Well well well how the turn tables. Get fucked google

[–] DGen@piefed.zip 1 points 20 minutes ago
[–] zr0@lemmy.dbzer0.com 3 points 1 hour ago

Well, to be fair, google had a copy of the whole internet long before AI was a thing.

[–] senorseco@lemmy.today 1 points 39 minutes ago

Google stole that data fair and square.

[–] sp3ctr4l@lemmy.dbzer0.com 15 points 2 hours ago

Wow, they're seriously saying this with a straight face, huh?

Oh hi Google, my name is Epic Games, and I see your recently trained a new 'AI' of yours on Fortnite.

Let me introduce you to my friend Fromsoft, who is pretty sure you uh, copied their notes from Dark Souls as well.

... How are all these people this fucking stupid?
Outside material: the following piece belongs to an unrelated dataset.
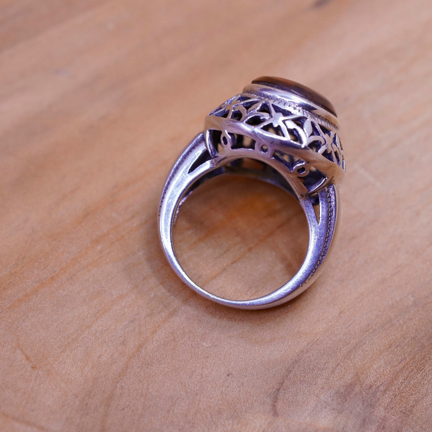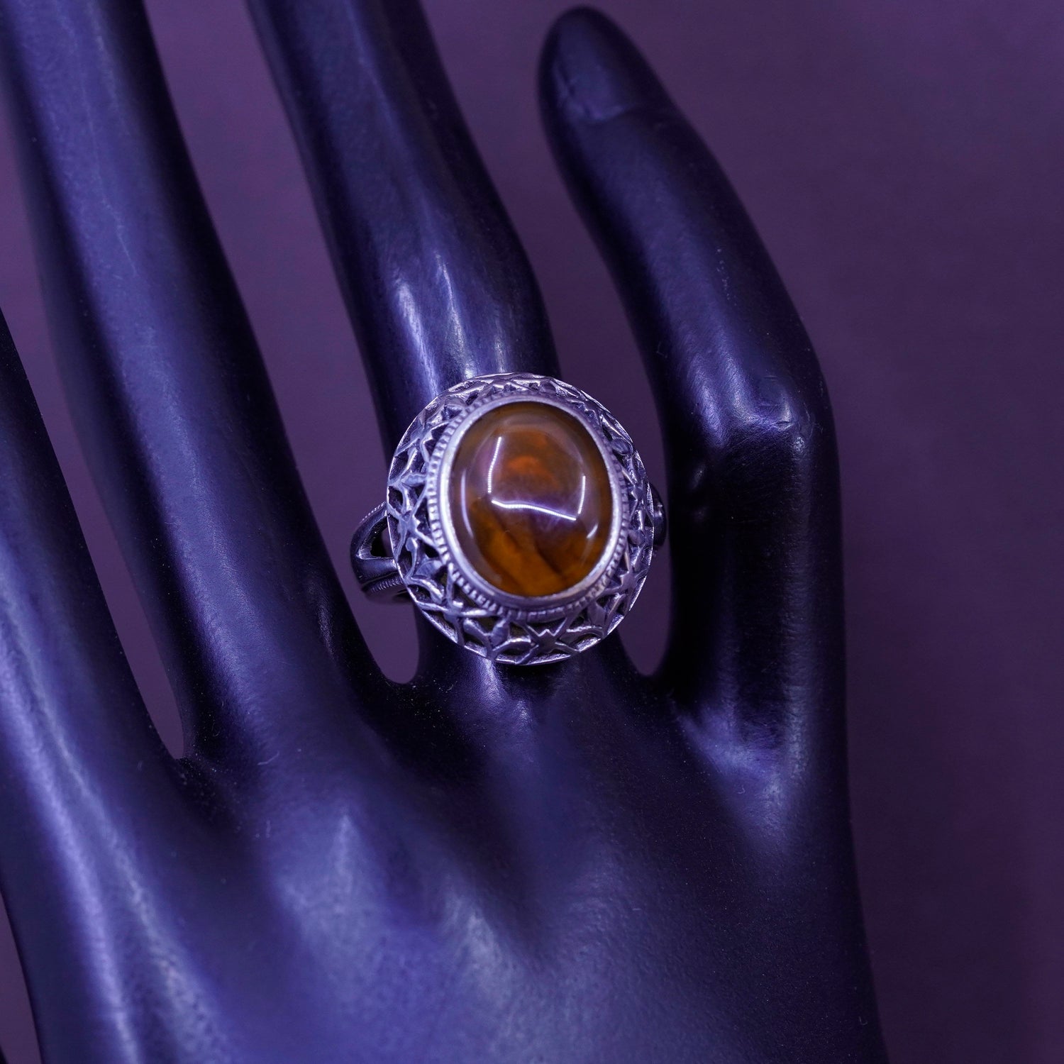 Size 6.25, vintage Sterling 925 silver handmade filigree ring with oval Amber

There's no possible resolution to the paradigm of 'I can steal everything but you can't steal anything' other than total chaos.

Total chaos ain't a good standard for a legal system trying to figure out IP law.

This is completely ludicrous.

[–] Ghostie@lemmy.zip 6 points 2 hours ago

poor wittle google

[–] HugeNerd@lemmy.ca 2 points 1 hour ago

But I want to see AI Becky hang-gliding into a forest!

[–] RampantParanoia2365@lemmy.world 11 points 3 hours ago (1 children)

Why in the holy hell would anyone want to copy that useless garbage. Their AI is a moron.

[–] tempest@lemmy.ca 0 points 49 minutes ago

Google was hoarding data before it was cool and people were constantly giving it data in the form of Google ads.

It's actually the one company I might believe didn't scrape shit Immorally.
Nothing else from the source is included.